- Bangadi Location in Democratic Republic of the Congo
- Coordinates: 4°8′47″N 27°54′18″E﻿ / ﻿4.14639°N 27.90500°E
- Country: Democratic Republic of the Congo
- Province: Haut-Uele
- Territory: Dungu
- Chiefdom: Wando
- Climate: Aw

= Bangadi =

Bangadi is a town located in Haut-Uele Province, Democratic Republic of the Congo.

== History ==
During Belgian colonial rule, Bangadi was an important town.

After the Duru September 2008 attack, the town residents established a self-defense group due to their distrust of the government. On 8 October, 120 self-defense group militias attacked the town police station and gained few firearms. LRA attacked Bangadi on 19 October, killing 9 and abducting 41 children. They looted and burned houses and pillaged a health center. Nevertheless, the town residents defeated them before reaching the central market. Due to the attack, the residents fled to the bush. During the Christmas massacres, LRA killed 48 people in Bangadi areas.

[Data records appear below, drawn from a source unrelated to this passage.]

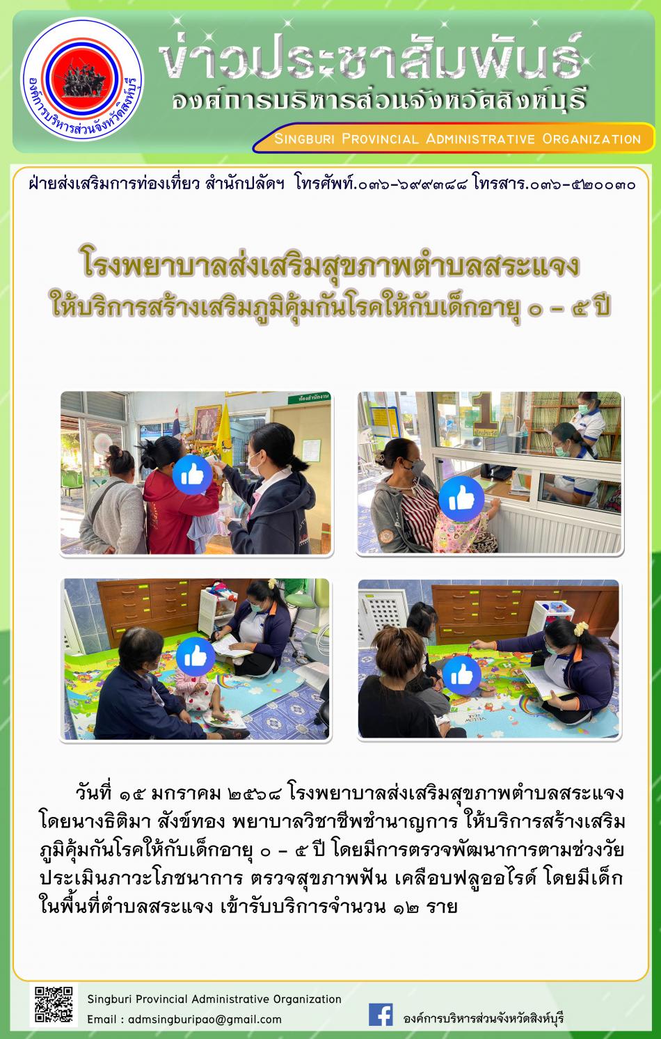 โรงพยาบาลส่งเสริมสุขภาพตำบลสระแจง ให้บริการสร้างเสริมภูมิคุ้มกันให้กับเด็กอายุ 0-5 ปี [15 มกราคม 2568]
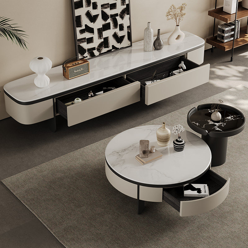 微晶石茶几电视柜组合2025新款客厅家用小户型意式轻奢储物小茶桌
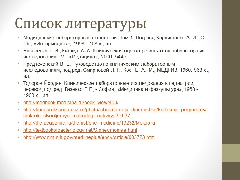 Список литературы Медицинские лабораторные технологии. Том 1. Под ред Карпищенко А. И.- С-Пб., «Интермедика», 1998.- 408 с., ил. Назаренко Г. И., Кишкун А. А. Клиническая оценка результатов лабораторных исследований.- М., «Медицина», 2000.-544с. Предтеченский В. Е. Руководство по клиническим лабораторным исследованиям, под ред. Смирновой Л. Г., Кост Е. А.- М., МЕДГИЗ, 1960.-963 с., ил. Тодоров Йордан. Клинические лабораторные исследования в педиатрии, перевод под ред. Газенко Г. Г., - София, «Медицина и физкультура», 1968.-1963 с., ил. http://medbook.medicina.ru/book_view/403/ http://bondaroksana.ucoz.ru/photo/laboratornaja_diagnostika/kollekcija_preparatov/mokrota_alveoljarnye_makrofagi_nativnyj/7-0-77 http://dic.academic.ru/dic.nsf/enc_medicine/19232/Мокрота http://textbookofbacteriology.net/S.pneumoniae.html http://www.nlm.nih.gov/medlineplus/ency/article/003723.htm

LRA stormed Bangadi on 22 January 2009 and the town self-defense group repelled the attack and chased them to the outskirts of the town. Two days later, FARDC sent 175 soldiers from the 911th Battalion to the town. The Bangadi self-defense group was abolished in June 2009 due to the order of Major Nelson Mugaba. In December 2009, the 911th Battalion departed from Bangadi and was replaced by the 912th Battalion.

== Education ==
The town has a primary school.

== Healthcare ==
There is a health center in the town.